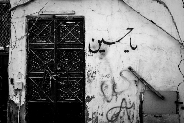 باب قديم مغلق ومكتوب بجانبه – يا حسين
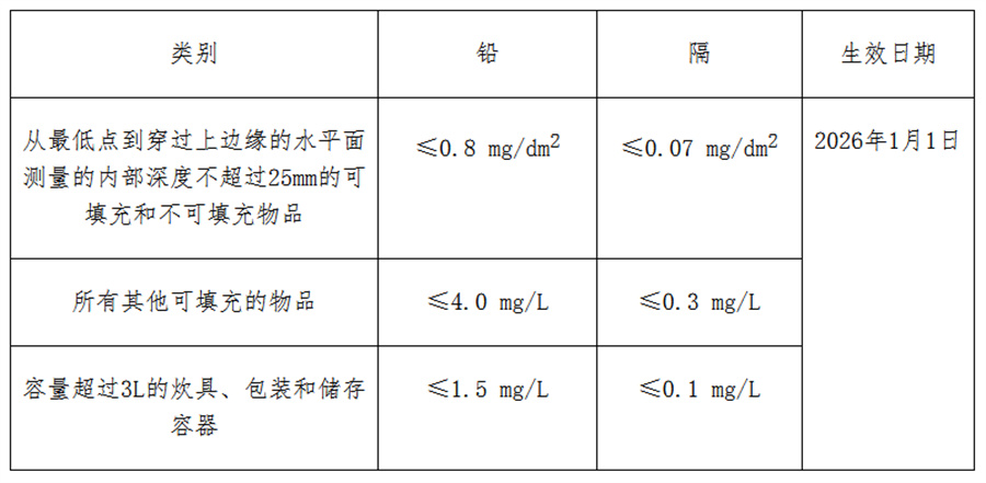 制定了鉛和鎘遷移的測(cè)試條件和要求;
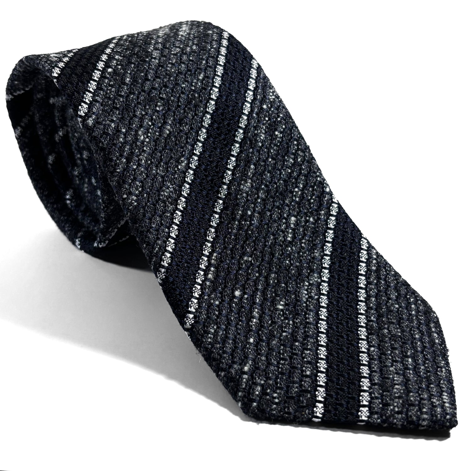 Charcoal Gray & Black Striped Tussah Jaspe Silk Grenadine Tie (Garza Grossa)

==============================

> _What is needed_:
Print the listing word for word but skip its pictures.

> _Task output_:
 باب قديم مغلق ومكتوب بجانبه – يا حسين
 制定了鉛和鎘遷移的測(cè)試條件和要求;
 Charcoal Gray & Black Striped Tussah Jaspe Silk Grenadine Tie (Garza Grossa)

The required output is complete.